How might software development have unfolded if CPU speeds were 20x slower?

Overall framing

  • Many argue this isn’t very hypothetical: CPUs really were ~20x slower 10–20 years ago, so looking back is instructive.
  • Others push back that the question assumes hardware stays slow while software keeps evolving, which is different from “we’re just 8.6 years earlier on Moore’s law.”

Performance, optimization, and bloat

  • Consensus that tighter CPU budgets would force:
    • More attention to algorithmic efficiency, memory usage, and cache behavior.
    • Less tolerance for heavy abstraction layers and “just throw hardware at it” attitudes.
  • Several note that “doing less” is usually the biggest optimization; 20x slower hardware would reinforce this.
  • Wirth’s Law and Jevons-like effects are invoked: faster hardware has been largely “eaten” by heavier software stacks.

UI frameworks, desktop vs web

  • Many predict:
    • More native C/C++ desktop apps, fewer large browser engines and Electron-style apps.
    • UI frameworks more like VB6/Delphi/early Qt/WPF, emphasizing fast, small binaries and responsive controls.
  • Strong nostalgia for 90s/2000s RAD tools and native toolkits; people contrast them with sluggish, multi-layer web UIs.
  • Others note old systems were often sluggish on their contemporary hardware; perceived “speed” today is partly running old software on new machines.

Parallelism, GPUs, and architecture

  • Several expect much heavier emphasis on:
    • Multicore, SIMD, and GPGPU earlier and more pervasively.
    • Domain-specific accelerators and Cray-like vector/array processing.
  • Some discussion that slower clocks would also affect buses, memory, and displays, making the tradeoffs more complex.

Applications: games, web, AI, cryptography

  • Games: predictions range from “still Doom/Quake-level graphics” to “more strategic/intellectual designs and less flashy spectacle.”
  • Web: likely more static pages, fewer heavyweight client-side frameworks; less tracking/analytics overhead simply because it would be too slow.
  • AI: many doubt current large-scale deep learning and LLMs would exist; compute and training costs would be prohibitive.
  • Crypto: 20x slower/faster alone is minor for security margins; algorithms like 3DES/AES choices would change slowly.

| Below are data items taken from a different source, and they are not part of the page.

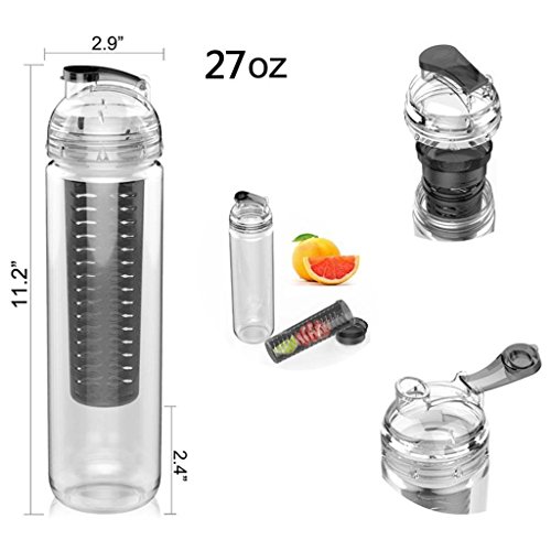 Why Fruit Infused Water? We all know the great health benefits of drinking more water. It increases energy and relieves fatigue, promotes weight loss, flushes out toxins, improves skin complexions, and boosts immune systems... But what if you don't like drinking old boring water or are addicted to unhealthy sugary sodas? The Fruit Infuser combines the great health benefits of fruit and water into one easy to use water bottle. By using your favorite fruits, you can create delicious, fresh and healthy flavored water that you know you'll love! How to use? 1. Select your favorite fruit such as lemon, kiwi, strawberry, watermelon, mango, apple... your options are endless. (TIP - you can experiment with herbs and vegetables as well, our customers rave about mixing mint leaves with cucumbers for a refreshing summer drink) 2. Put the ingredients you selected into the inner infuser tube and add water. 3.Shake it up! You can enjoy it right away or leave it in the refrigerator for 15 mins or more to enjoy extra flavor!
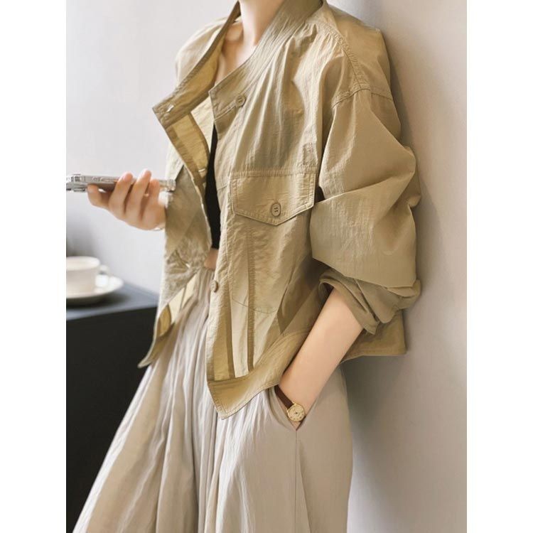 韓 レディース ミッド カジュアル 薄手 ブラック 24 ジャケット
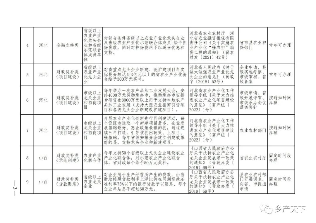 農業(yè)產(chǎn)業(yè)化龍頭企業(yè)支持政策清單
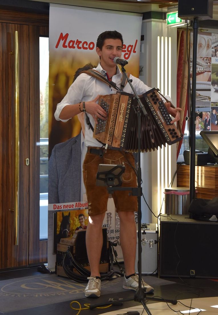 Auch Marco Spiegl, der junge Nachwuchskünstler aus Österreich gab alles, konnte mit seinem musikalischen Talent überzeugen und sorgte in den Pausen von Rudy für supertolle Stimmung.

Economics, culture, and skills

  • Slower hardware is seen as:
    • Increasing the value of deep systems knowledge, complexity analysis, and formal methods.
    • Reducing “bootcamp-style” shallow training and easy patch-after-release practices.
  • Some argue management would still prioritize shipping features over optimization; constraints help, but culture remains decisive.